Story Sent in by Ian:
Amanda and I met online and after exchanging several messages, I asked her if she wanted to meet in person. She ignored that question and went on to address everything else in my message except for that.
Perhaps she hadn't seen it. I replied to her subsequent message and again asked her, in the context of other information, if she wanted to meet in person. Again, she ignored the query in her reply. Finally, I wrote her a message with the single phrase, "Would you like to meet up, sometime?"
She wrote back: "Fine."
I wrote her again, to hash out the particulars. She seemed unenthusiastic about the entire thing, but I figured that if she didn't want to meet up, then she wouldn't be going along with the idea. Besides, why be on a dating site if you're not going to actually go out with people?
The night of the date, I went out to the restaurant where we had arranged to meet, and I was surprised to find her there with another girl. They had been sitting next to each other in a booth when I arrived.
The girl introduced herself, "I'm Colleen. Amanda's friend."
"Hi Colleen," I said, "Nice to meet you. What are you doing here?"
She took Amanda's hand and said, "I'm just moral support. Have a seat!"

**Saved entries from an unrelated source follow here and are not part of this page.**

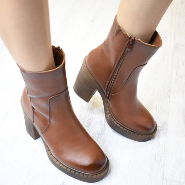 Μποτακια Δετα με Φαρδυ Τακουνι και Φιαπα Brown/Καφε T 2958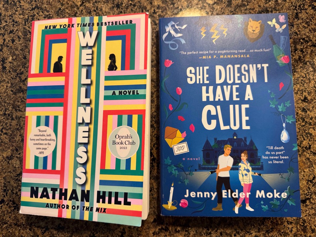 I just finished reading two books that, together, sum up life. The first one was Wellness by Nathan Hill. This book has a lot of great reviews and everyone loved it. It even had Oprah’s stamp of approval. But I had to force myself to read it at times. It had stories of depressing childhoods, family drama, marriage struggles, social media wars, and even scientific studies. It basically covered most elements of life. The writing was good and the plots were creative in the way they came together, but it was a tad heavy. The second book, She Doesn’t Have a Clue by Jenny Elder Moke was a lighthearted rom-com, murder mystery. It was funny and punny in the most delightful way. I loved curling up with a blanket and my cats during the dark days of January to escape into the ridiculousness of this story. I don’t see Oprah slapping her sticker on this one. The lack of sticker is what got me thinking. Why is it that the heavier the topic the more awards something gets, books or movies? Isn’t life stressful enough? Don’t we all crave laughter, fun, and happiness? I read across genres and age categories. I get a solid mix between heaviness and lightness. I must confess, I enjoy the feeling I get from reading fun books more. I will still read the thought-provoking ones, but I don’t want to have to hide my love for what’s fun. Society seems to look down on beach reads, comedies, and rom-coms in favor of the “more meaningful” books, but after the January we just had, I’m tired of deep thinking. I’m off to find another book to make me laugh.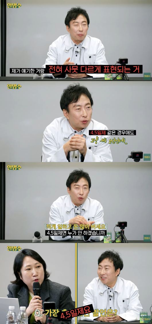 그러면서 “월급이 보존이 되고 4.5일제면 누가 안하겠냐. 근데 월급이 보존이 되겠냐는 거다”라고 덧붙였다.

I turned my attention to Amanda, who had thus far not said anything. "Is Colleen going to be with us the whole time?"
Colleen asked me, "Is that a problem? I'm not going to interfere with anything. Amanda just asked me to come along."
Amanda whispered, "Please, Ian. Just for a little bit. I'm just really nervous. It's my first time meeting someone from online."
Ah. Now it made more sense. It was still strange, but I was able to understand her intentions better. I sat down, we ordered drinks, and I started the conversation… and for the most part, kept it going.
Colleen kept a tight hold on Amanda's hand, and also had a habit of laughing after everything I said, regardless of humor content. I'd say, "…and that's how I got my first graphic design gig," and Colleen would make this donkey laugh, like, "Heeeeeee…" followed by a short snort. I laughed at it, myself the first few times that I heard it.
Not long after we ordered dinner, Amanda, who had barely said a word, whispered into Colleen's ear, and Colleen turned to me and said, "Excuse us." The two left the table and headed for the bathroom.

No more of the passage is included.